**ACTIVITY**
In the data below, repeat the line containing "약은 미노씬캡슐50mg, 브로나제장용정,모사프리앰정입니다" and every following line exactly, up to and including the last line. Exclude pictures.

**INFORMATION SHOWN**
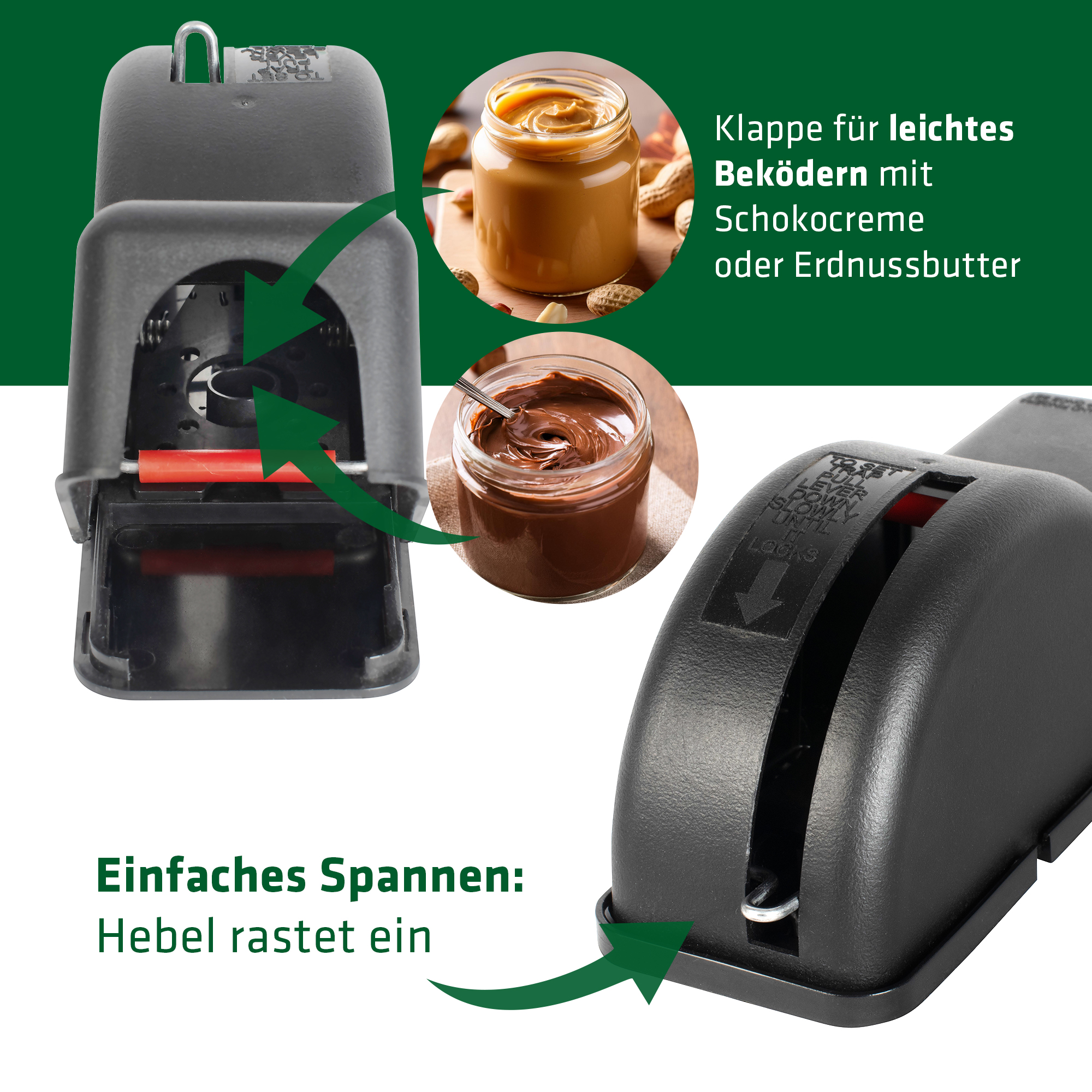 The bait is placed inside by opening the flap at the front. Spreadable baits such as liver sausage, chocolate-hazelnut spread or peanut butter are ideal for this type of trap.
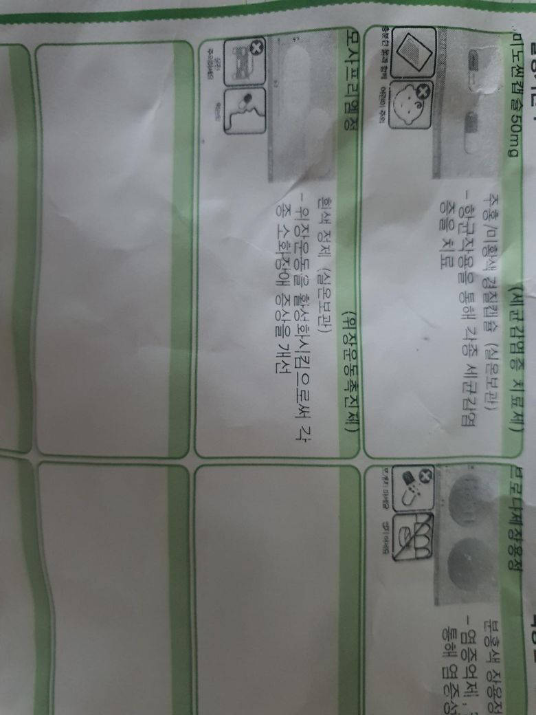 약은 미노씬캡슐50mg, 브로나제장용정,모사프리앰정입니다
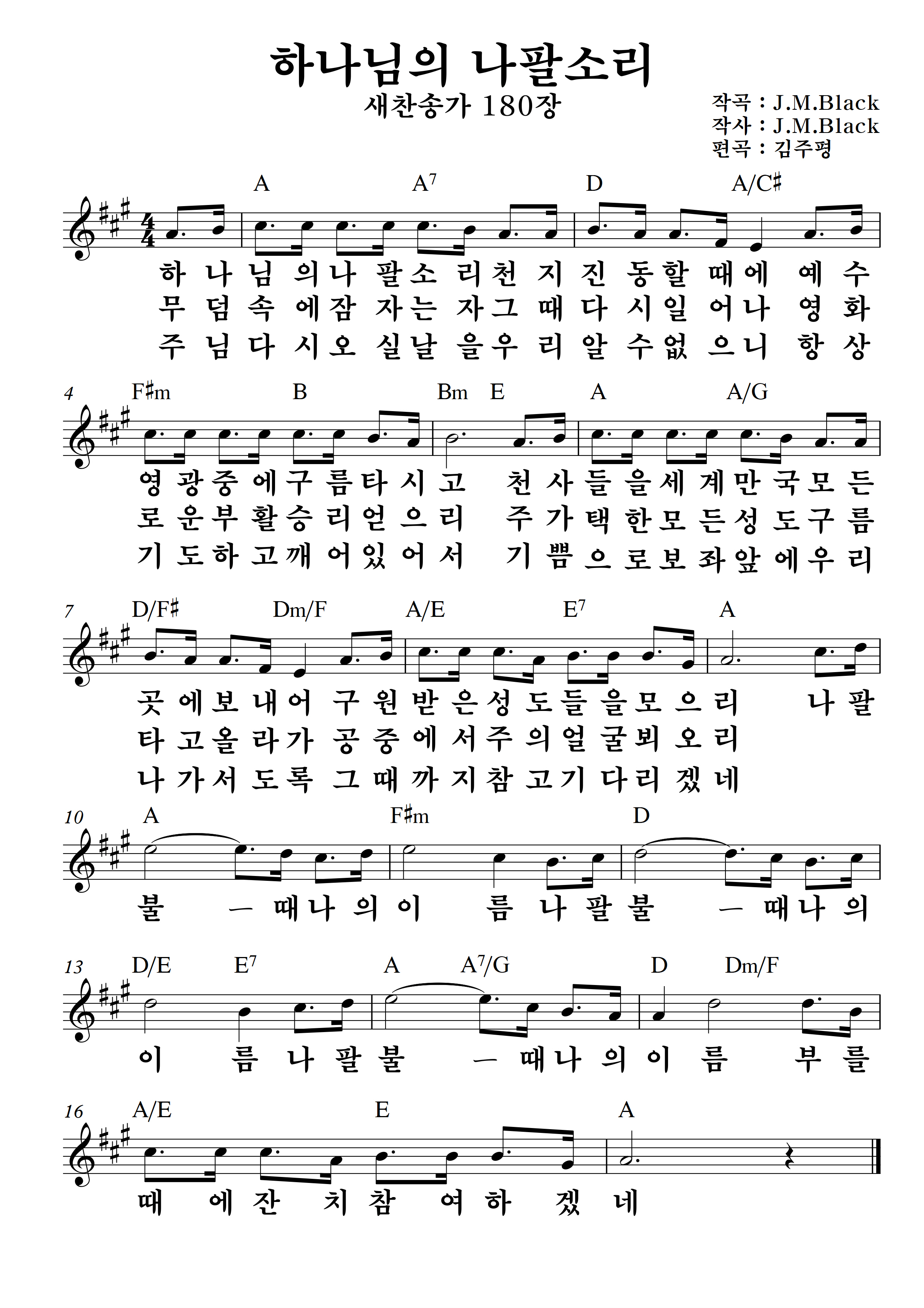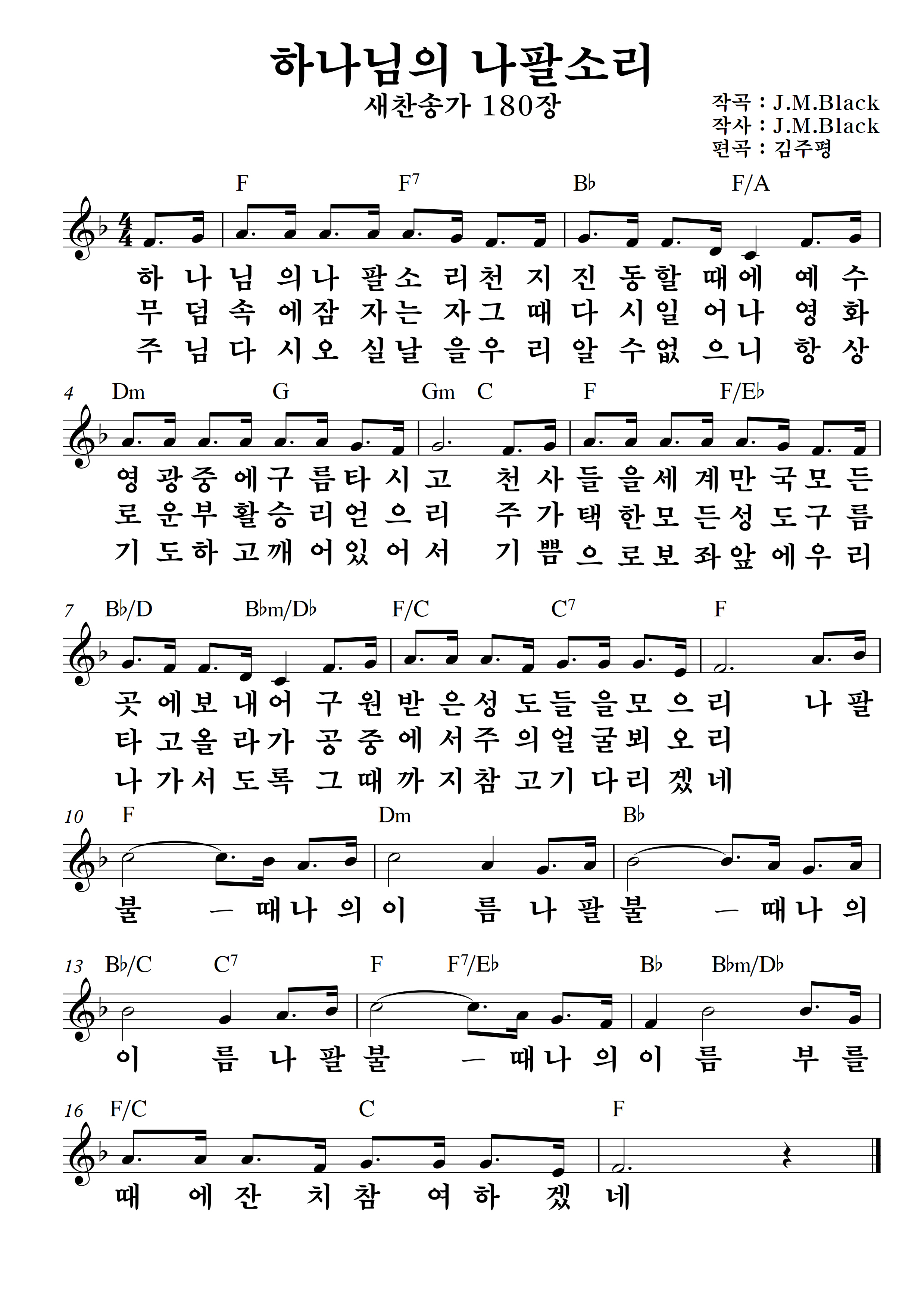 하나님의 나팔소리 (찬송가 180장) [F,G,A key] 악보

**YOUR SOLUTION**
 약은 미노씬캡슐50mg, 브로나제장용정,모사프리앰정입니다
 하나님의 나팔소리 (찬송가 180장) [F,G,A key] 악보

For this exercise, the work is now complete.